Глава XIV


Я сказал, что люблю особенно размышлять в размагничивающем тепле своей постели, и что ее приятный цвет много вносит в удовольствие, которое я там нахожу.


Чтобы доставить себе это удовольствие, мой слуга получил приказ входить в мою комнату на полчаса раньше, чем я хочу встать. Я слышу, как он медленно марширует на цыпочках по моей комнате с деликатностью; и это шуршание дает мне удовольствие чувствовать мое пробуждение; удовольствие тонкое и незнакомое многим людям.


Уже прошло достаточно времени после пробуждения, чтобы заметить, что пробуждение было неполным и чтобы прикинуть со смущением, что песок в песчаных часах давно отметил час, предназначенный для дел и отдыха. И вот незаметно мой слуга становится все более ворчливым; это так трудно принудить себя не быть таким. Впрочем, он знает, что фатальный час вставания приближается.


Он смотрит на мои часы и подает мне предупреждающий сигнал; но я притворяюсь оглохшим; а чтобы продлить приятный час, мне еще не удалось придумать такой проволочки, которой я бы не измыслил для обмана этого честного малого.


И вот я придумываю сотню предварительным приказов, чтобы выиграть время. Он знает слишком хорошо, что все эти приказы, которые я ему лукаво даю, не более чем поводы чтобы остаться в постели, как бы я при этом ни притворялся, что ничего подобного и в мыслях у меня не было.


Но он как будто не замечает моих уловок, тем самым подпадая под мой искренний респект.


Наконец, когда я исчерпал все свои ресурсы, он выдвинулся на середину комнаты и остановился там со скрещенными руками в великолепной неподвижности.

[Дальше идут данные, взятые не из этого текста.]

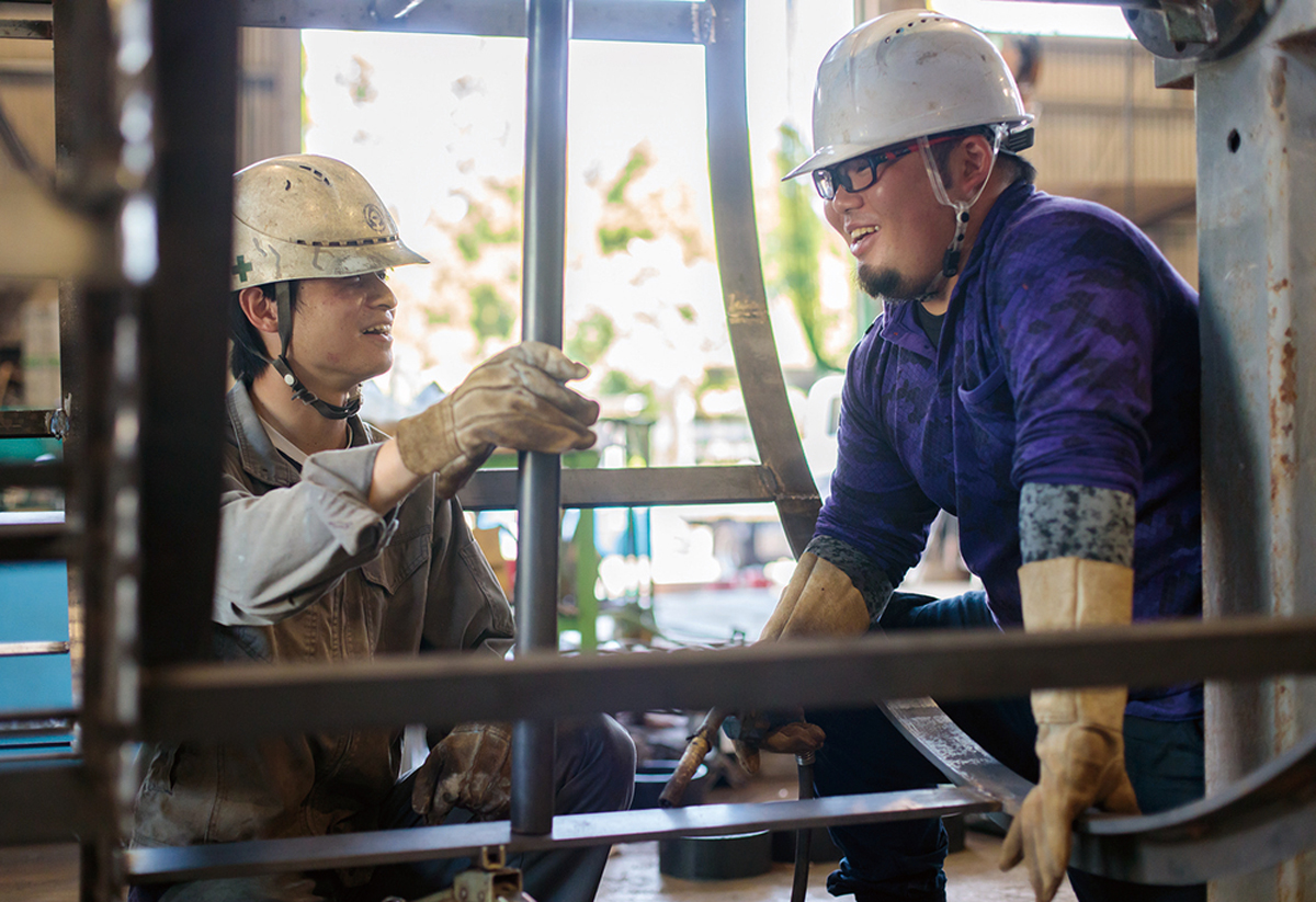 製造部では、ライン作業ではなく1人1人が様々な多能工業務を行い、営業は全国を駆けまわり、設計はユーザーに最適な提案を行い、日々「気付き」を得ながら成長を続けています。

Следует признаться, что не было способа более подходящего по духу и такту такого демонстративного неодобрения моей мысли: поэтому я никогда не сопротивляюсь этому молчаливому приглашению; я протягиваю руки, чтобы засвидетельствовать -- я понял, и вот я сижу.


Если читатель поразмыслит над поведением моего слуги, он сможет убедиться, что в некоторых деликатных делах, навроде этого, простота и добрый смысл значат бесконечно больше, чем ловкость.


Я осмеливаюсь уверять, что размышления самые ученые на недопустимость лени, не заставят меня так поспешно покинуть постель, как немой упрек мсье Жанетти.


Какой же совершенно честный человек этот Жанетти, и в то же время именно такой, который наиболее подходит путешественнику навроде меня. Он привык к частым путешествиям моей души, и никогда не улыбнется несообразностям моего животного; он даже направляет его порой, когда моя душа наедине с собой; так что оно ведомо двумя душами: моей и слуги.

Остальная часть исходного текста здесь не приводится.